Before we get into the mechanics, lets talk about the real benefits senior leaders realize by focusing on culture. We will look at these benefits through the lens of a real world example – ANZ Bank. The Australia and New Zealand Banking Group Limited, commonly called ANZ, is the third largest bank by market capitalization in Australia and also the largest bank in New Zealand. In 2008, for the second year in a row, ANZ was named the most sustainable bank globally by the Dow Jones Sustainability Index. They attribute their success in the last decade to their focus on culture. In 2003, the bank implemented an initiative they described as a “unique plan of eschewing traditional growth strategies and recasting the culture of the bank to lift efficiency and earnings.” Their results were significant:

  • In two years, the share of employees having the sense that ANZ “lived its values” went from 20 to 80 percent
  • The share seeing “productivity in meetings” went from 61 to 91 percent
  • Revenue per employee increased 89 percent
  • The bank overtook its peers in total returns to shareholders and customer satisfaction

Ten years later, ANZ has sustained its results. Its profit after tax has grown at a cumulative average growth rate of 15 percent, putting it well ahead of its industry. It announced a statutory profit after tax for the half year ended 31 March 2018 of $3.32 billion up 14% and a cash profit on a continuing basis of $3.49 billion up 4% on the prior comparable period.

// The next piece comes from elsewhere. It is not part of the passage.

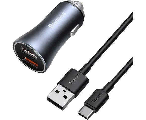 BASEUS 40W smartphone punjač za automobil + kabl 1m USB A na USB C TZCCJD-A0G- Ukupna snaga: 40W - Broj USB portova: 2 - Materijal: Aluminijum - Zaštita: protiv prekomernog punjenja, protiv kratkog spoja, protiv pregrevanja
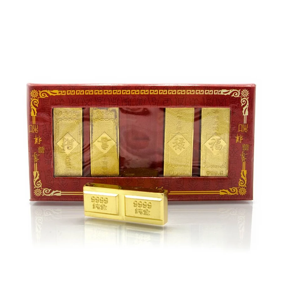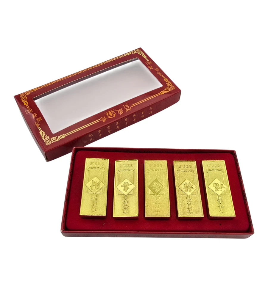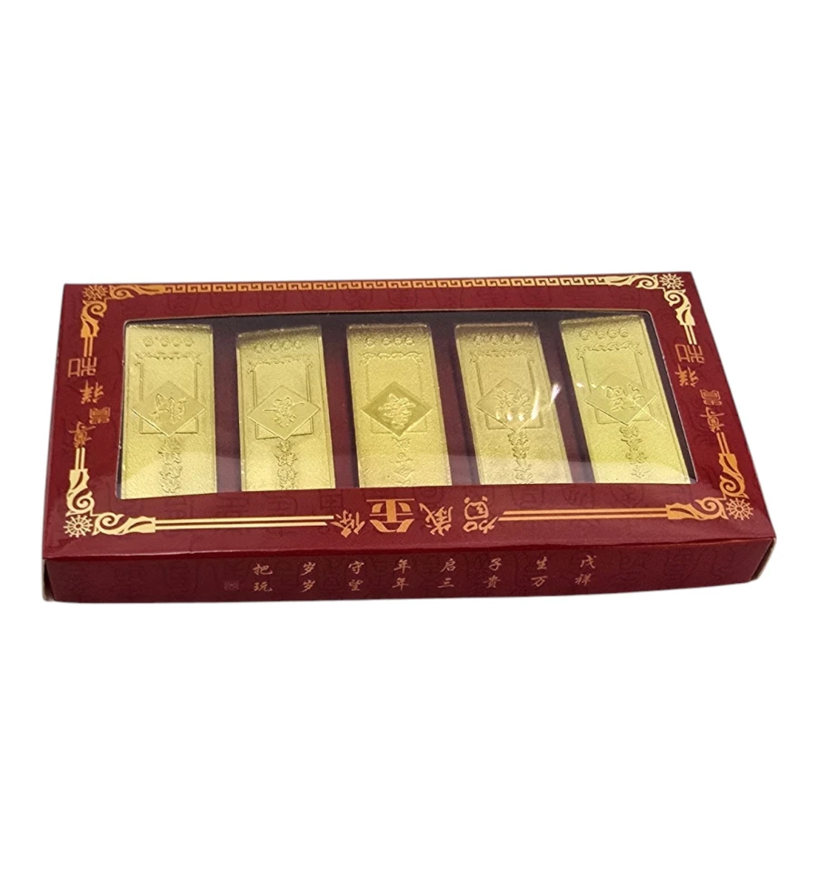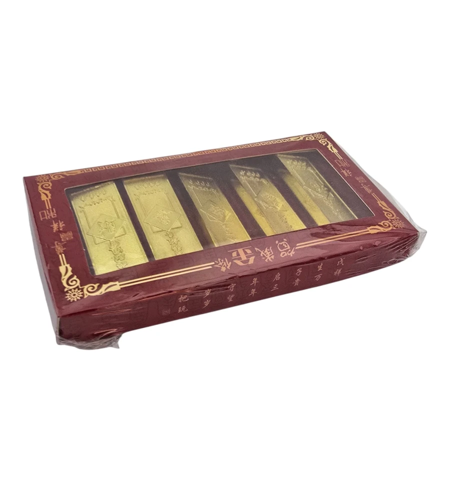Декоративные слитки под золото в классическом китайском стиле. В наборе 5 штук в красной коробке с прозрачным окном. Подходят как символ достатка в фэншуй-декоре, для праздничного оформления, фотосъемок и в качестве небольшого подарка. Маркировка и гравировка носят декоративный характер.

ANZ Chief Executive Officer Shayne Elliott attributes most, if not all if their success to its corporate culture. In their half year results of 2018 he reported, “We are now benefiting from a more focused organization with sector-leading capital and improving returns. The progress of our multi-year transformation demonstrates we have the right team in place to manage difficult conditions and deliver for our customers and our shareholders.”

Organizational Culture and Leadership

Culture and Leadership

The model illustrated above is the traditional way of viewing how organizational cultures influence the day-to-day environment in which managers and senior leaders operate. It depicts how the collective values, beliefs, norms and customs of the organization determine how decisions are made. Decisions lead to actions. Actions lead to results. The results reinforce the values, beliefs, norms and customs of the culture. In this article, I am going to propose a counter argument regarding organizational cultures that will be a departure from this model. Not only will it challenge the efficacy of the model depicted above, but it may also challenge any predisposition about business cultures you have been educated to adopt. However…after considering its potential value, you will find the proposition at least interesting enough to ponder or test.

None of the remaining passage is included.